Corée du Sud et Taïwan
Pas de ralentissement de la très forte croissance des exportations. Cela s’explique par la hausse des prix et des volumes des exportations résultant de l’expansion de l’IA (valeur totale des exportations en mai : +52% en g.a. à Taïwan, +53% en Corée du Sud).
Inde
L'inflation a atteint en mai son plus haut niveau depuis 15 mois, à 3,9% en g.a. (contre 3,5% en avril), sous l'effet de la hausse des prix des carburants (+2%) et des denrées alimentaires (4,8%). La hausse de l’inflation devrait se poursuivre en raison de la vague de chaleur et des perturbations dans les chaînes d’approvisionnement. Jusqu’à présent, la RBI a maintenu ses taux directeurs inchangés mais la probabilité d’une hausse des taux en août a considérablement augmenté.
Indonésie
Une hausse inattendue des taux d'intérêt pour soutenir la roupie. Cette mesure ne devrait toutefois pas suffire, car les investisseurs s'inquiètent de plus en plus de la discipline budgétaire et de la baisse de la qualité de la gouvernance.
EUROPE ÉMERGENTE
Turquie
Statu quo monétaire. La Banque centrale de la République de Turquie (CBRT) a laissé son taux directeur inchangé à 37,0%, conformément aux attentes, et maintenu le taux de prêt au jour le jour à 40,0%. La CBRT a noté que la tendance sous-jacente de l'inflation, qui avait accéléré en avril, en raison de facteurs liés à l'énergie, s'est quelque peu modérée en mai. La quasi-stagnation du PIB réel au premier trimestre (+0,1% t/t) et les indicateurs avancés suggèrent que l'activité économique continue de ralentir, soutenant le processus de désinflation en cours.
AMÉRIQUE LATINE
Mexique
L'inflation globale s'est révélée inférieure aux prévisions en mai (3,9% en g.a. contre 4,5% en avril) en raison d'une baisse significative du taux d'inflation des produits agricoles.
Pérou
Comme prévu, la Banque centrale a maintenu son taux directeur à 4,25% pour le 9e mois consécutif. L'inflation IPC à Lima a ralenti à 3,9% en g.a. en mai (contre 4% en avril). Toutefois, les pressions inflationnistes persistent (inflation sous-jacente à 4,5% en mai). La Banque centrale s'est déclarée prête à resserrer sa politique monétaire si nécessaire. Par ailleurs, le second tour de l'élection présidentielle, entre Keiko Fujimori et Roberto Sánchez, reste trop serré pour permettre de désigner un vainqueur. Les autorités électorales prévoient désormais d'annoncer les résultats définitifs en juillet.
MATIÈRES PREMIÈRES
Après l'annonce d'un accord provisoire entre les États-Unis et l'Iran, dont la signature est prévue le 19 juin, les cours du Brent ont atteint leur plus bas niveau depuis début mars, à 83 USD/b. Cet accord devrait prolonger le cessez-le-feu de 60 jours et permettre la réouverture progressive du détroit d'Ormuz.

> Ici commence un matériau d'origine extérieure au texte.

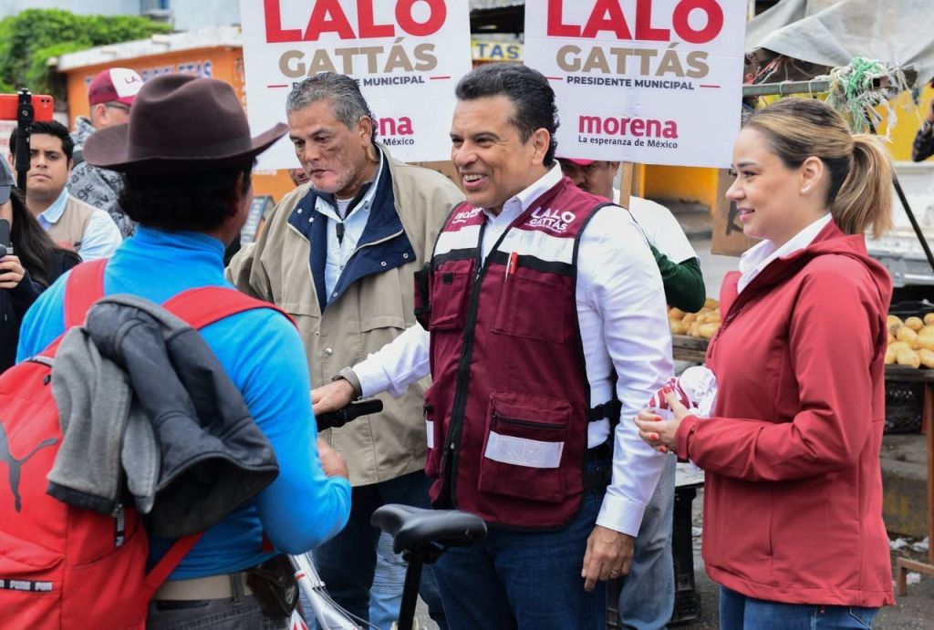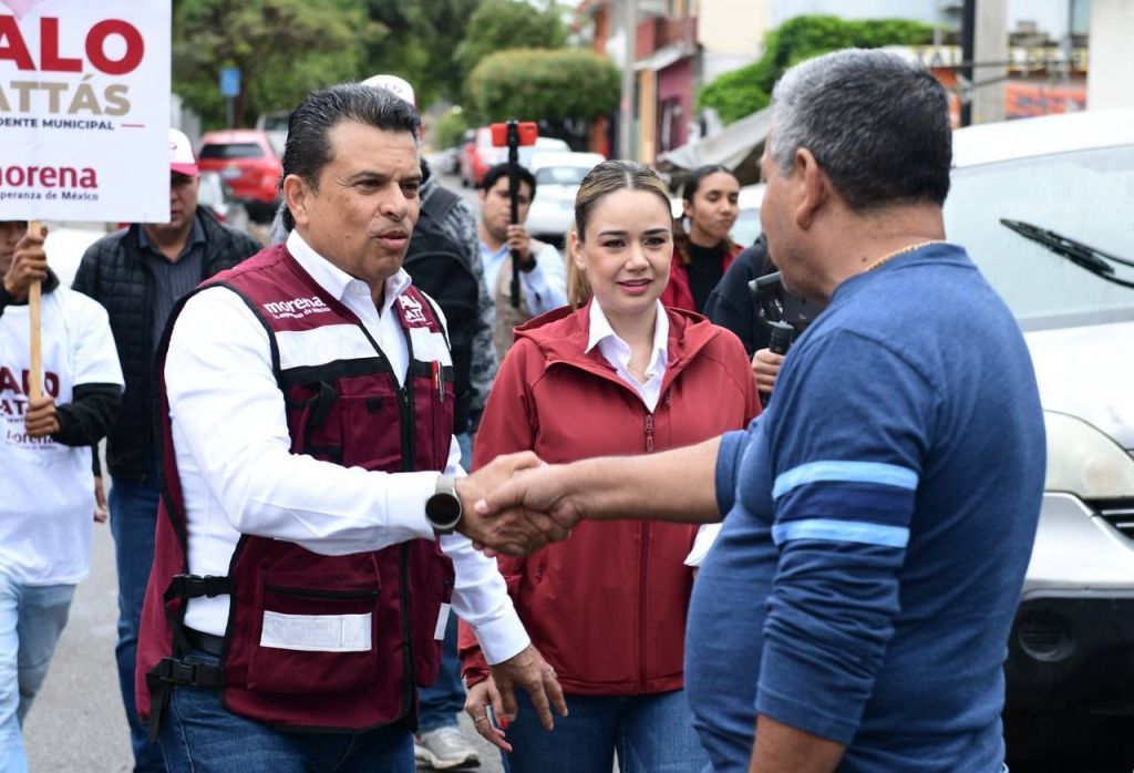 De la mano de su esposa Lucy de Gattás, continuó su caminata hasta llegar a la colonia Unidad Modelo donde un grupo de vecinos ya lo esperaba para recibirlo y agradecer el rastreo y nivelación de calles, envío de pipas para abasto de agua y apoyos alimentarios.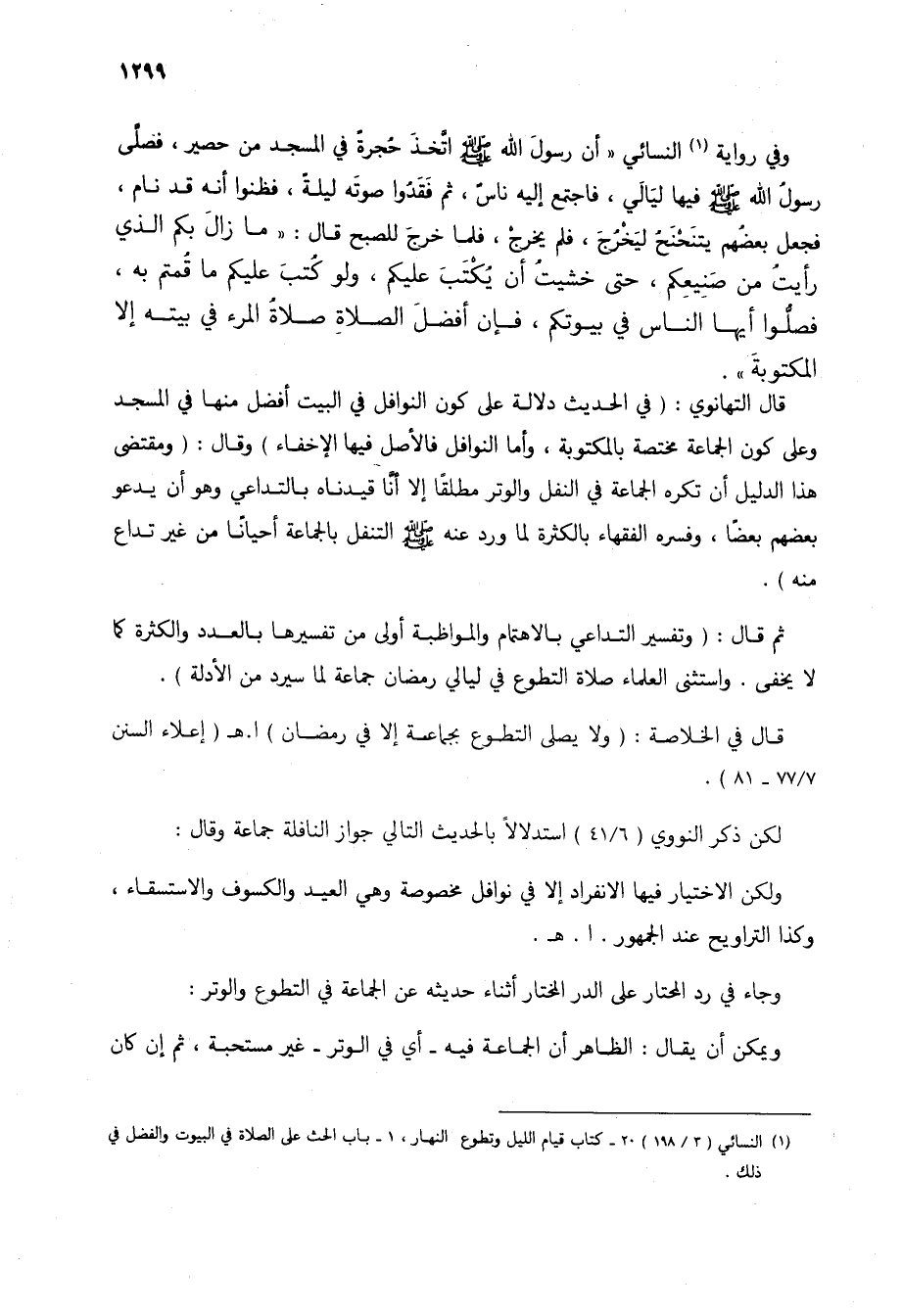 قال التهانوي: (في الحديث دلالة على كون النوافل في البيت أفضل منها في المسجد وعلى كون الجماعة مختصة بالمكتوبة، وأما النوافل فالأصل فيها الإخفاء) وقال: (ومقتضى هذا الدليل أن تكره الجماعة في النفل والوتر مطلقاً إلا أنا قيدناه بالتداعي وهو أن يدعو بعضهم بعضاً، وفسره الفقهاء بالكثرة لما ورد عنه صلى الله عليه وسلم التنفل بالجماعة أحياناً من غير تداع منه).

La demande de pétrole ralentit, le solaire prend son essor. L'OPEP+ et l'Agence américaine d'information sur l'énergie (EIA) ont revu à la baisse leurs prévisions de croissance de la demande mondiale de pétrole pour 2026. L'OPEP+ a réduit sa prévision de 0,2 mb/j pour la deuxième fois depuis le début du conflit (la ramenant à 106,13 mb/j), soulignant l'incertitude mondiale qui pèse sur la consommation. L'EIA estime désormais que la demande mondiale de pétrole devrait baisser de 1,1 mb/j pour s'établir à 102,86 mb/j, alors qu'elle prévoyait une hausse dans ses précédents rapports. L'OPEP+ table toujours sur une croissance de la demande mondiale de pétrole de 1 mb/j en g.a. pour 2026. Par ailleurs, l'énergie solaire a dépassé le charbon dans la production d'électricité aux États-Unis en mai, marquant la première fois qu'une source renouvelable devance les combustibles fossiles sur un mois. L'énergie solaire et le stockage ont représenté ensemble 91% des nouvelles capacités installées aux États-Unis au premier trimestre 2026.